G’day Diary,
Kevin isn’t available right
now, so I’m filling in for him.
It’s a
continuity thing. When we publish the Krud Kronicles (catchy title that; my
idea, of course) we need something on the page.
It won’t be
a problem. Bob has been ghost-writing Carr’s blog for years and nobody noticed.

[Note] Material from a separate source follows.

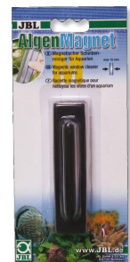
JBL Algae Magnet Magnetic glass cleaner for aquarium panes

Mind you, it helps that they are both called Bob. Plausible deniability, diary.
Plausible deniability.
(I got him
elected, you know. No, not Bob, the other Bob. That made my reputation. I mean,
if I could convince the punters to vote for Bob year after year, I can get them
to elect a complete – well, a more
complete, moron.)
Anyway, as
I was saying, Kevin’s in no condition to write just now.
Actually,
I’m not sure that’s strictly true, but we are running on the back-up at the
moment, the boys are still trying to jump-start it and I can’t remember if it
came with a factory-installed Literacy Function programme or not.
With a bit
of luck we won’t have to wheel it out anyway.
We’ve
shipped the primary Kevin to Canberra
for repairs and the technician reckons he can have it sorted sometime on
Saturday afternoon.
We tried to
book him in the morning, but he’s got two washing machines and a remote-control
vacuum cleaner booked in, but he reckons they shouldn’t take too long.
I fucken
hope so. I don’t know what idiot thought
up this Fair Work shit, but the penalty rates on Sunday are bloody ridiculous,
not to mention the call-out fee. As it is, we had to strike a cross-union deal
just to get him out on a Saturday.
If the ETU
get him up and running again, it gets power of veto over Caucus decisions, the
AWU gets to choose the Treasurer in perpetuity and the Maritime boys get to
take the covers of the guns and fly the Jolly Roger.
We didn’t
have to put up with any of this crap under WorkChoices.
Never mind.
It is what it is.
We’ll cover
our arses with the media dicks by putting out some bullshit story about Kevin flying
to Canberra for briefings on Syria .
We’ve
rigged a bypass, so he is only operating on ‘Serious World Leader’ mode, but
I’ve sent a few of the boys down with the spare remote, just in case that
bloody ‘World Ruler’ programme surfaces again.
It’s my own
fault. I rushed in the Krud Mark ll before we’d finished the operational trials.
Everything
seemed to work fine initially, but the malfunctions over the last week or so
have been a bitch. The whole week has basically been a sticky-tape and baling wire job.
It’s this
Chinese shit. They’re good at tee-shirts, but their hi-tech stuff is crap.
I wanted to
get one made locally, but our manufacturing sector is only good at cars and
those widgets that connect your hose to the sprinkler.
The
car guys knocked up a prototype, but Kevin the Love Bug wasn’t really the look
I was after.
Anyway, the
Chinese said they could supply a fully functional ‘Mandarin Candidate’ at a good
price, so I went with that.Big
mistake. The hardware is ok – apart from the hair - but the software and
after-sales service are just shit.
Take the Krud
Mark l. It worked a treat for a while. We just loaded the Ned Flanders and Nino
Culota personality software programmes, pressed GO and off it went.
Ok, in
hindsight I should have taken the Empathy Circuits option with the original
package, but at the time it seemed an unnecessary expense. I mean, we were
building an ALP politician. Who the fuck ever heard of an ALP politician with
empathy?
But when
the Krud was going haywire and I wanted to order the Empathy Circuit upgrade,
what did I get? Out of stock.
The remote
control was shit too. It was ok with line of sight, but didn’t work through
walls, so when the Flanders, Culotta and ‘Fiscal Conservative’ programmes glitched,
the Krud defaulted to Indecision and Gratuitous Abuse mode.
I was
hoping to patch it up, but the knife in the back made an awful mess of the
circuitry, the warranty had expired, and it seemed better to junk it and order
the Mark ll.
(Fucking
Ludwig. He got some Russian crew to build The Gillard. I’ll say this for the
Ruskies, their personality software is shit, but the hardware is built to last.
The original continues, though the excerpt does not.